Café Librería

La cabeza a pájaros, de Marta Fernández-Muro

Sinopsis: Marta vuelve a Madrid. Compra café, cigarrillos y un piso en el barrio que la vio crecer. Está decidida a volver a fumar, necesita que los arabescos de humo desplieguen la cortinilla ondulante que te arrastra al pasado en las películas.

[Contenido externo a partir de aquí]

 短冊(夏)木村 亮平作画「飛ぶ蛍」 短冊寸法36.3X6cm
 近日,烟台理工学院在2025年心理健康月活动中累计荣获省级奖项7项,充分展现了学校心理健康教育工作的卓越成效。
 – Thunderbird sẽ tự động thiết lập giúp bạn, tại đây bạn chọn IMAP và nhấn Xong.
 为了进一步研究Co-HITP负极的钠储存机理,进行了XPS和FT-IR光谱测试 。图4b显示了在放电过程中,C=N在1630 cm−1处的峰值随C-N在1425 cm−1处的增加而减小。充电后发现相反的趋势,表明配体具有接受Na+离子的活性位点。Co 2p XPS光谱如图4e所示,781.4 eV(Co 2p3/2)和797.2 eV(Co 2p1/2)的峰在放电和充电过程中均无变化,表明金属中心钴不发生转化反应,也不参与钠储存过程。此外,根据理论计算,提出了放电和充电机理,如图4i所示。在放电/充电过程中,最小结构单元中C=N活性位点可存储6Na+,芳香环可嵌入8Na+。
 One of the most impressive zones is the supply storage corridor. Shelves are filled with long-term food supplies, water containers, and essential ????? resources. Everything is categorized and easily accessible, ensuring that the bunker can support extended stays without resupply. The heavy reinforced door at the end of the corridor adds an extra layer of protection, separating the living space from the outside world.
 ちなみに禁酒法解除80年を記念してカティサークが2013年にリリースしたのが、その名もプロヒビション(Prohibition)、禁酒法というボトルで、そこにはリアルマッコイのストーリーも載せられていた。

Empieza por recibir a su bisabuelo Sixto, un chaval que llega a Madrid con una mano delante y otra detrás. Asiste al momento en el que Sixto se encuentra con Carmen, una mozuela de Lavapiés. Ellos fueron la raíz del árbol familiar en el que Marta piensa recrearse. Quiere ser testigo de lo que sucedió cuando ella no existía, iluminar los recovecos ocultos, asentar todas las historias, abrazar a todos los personajes. Una pequeña hoja que toma conciencia de todo el árbol.

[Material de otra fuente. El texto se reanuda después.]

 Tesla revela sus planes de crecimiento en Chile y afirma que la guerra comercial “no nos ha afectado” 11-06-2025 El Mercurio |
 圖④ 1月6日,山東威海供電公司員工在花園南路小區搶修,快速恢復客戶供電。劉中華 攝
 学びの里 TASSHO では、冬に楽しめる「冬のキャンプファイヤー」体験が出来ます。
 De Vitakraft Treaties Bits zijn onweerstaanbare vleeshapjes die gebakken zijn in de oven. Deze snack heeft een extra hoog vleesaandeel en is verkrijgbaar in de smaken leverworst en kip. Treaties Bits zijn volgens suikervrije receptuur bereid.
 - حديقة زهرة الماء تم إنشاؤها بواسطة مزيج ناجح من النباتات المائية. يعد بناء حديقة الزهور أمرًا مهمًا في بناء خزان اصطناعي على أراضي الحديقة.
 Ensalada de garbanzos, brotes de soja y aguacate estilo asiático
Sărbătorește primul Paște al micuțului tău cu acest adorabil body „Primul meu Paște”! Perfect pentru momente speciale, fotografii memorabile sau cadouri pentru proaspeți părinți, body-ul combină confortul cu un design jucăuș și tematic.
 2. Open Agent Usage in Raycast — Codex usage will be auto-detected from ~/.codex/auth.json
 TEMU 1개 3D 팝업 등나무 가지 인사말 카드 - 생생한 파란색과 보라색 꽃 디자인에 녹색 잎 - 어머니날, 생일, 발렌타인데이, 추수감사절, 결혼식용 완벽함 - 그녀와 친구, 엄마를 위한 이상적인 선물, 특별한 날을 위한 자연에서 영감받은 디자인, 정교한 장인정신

De este árbol familiar cuelgan, naturalmente, fotos familiares, pero también cientos de abalorios extraordinarios. Hay fantasmas, viajes trasatlánticos, vicisitudes de la guerra, hijos secretos, postales de Biarritz, Buenos Aires y Benidorm, joyas desaparecidas, amas de cría, libros de muertos, ejércitos de criadas y hasta un sultán.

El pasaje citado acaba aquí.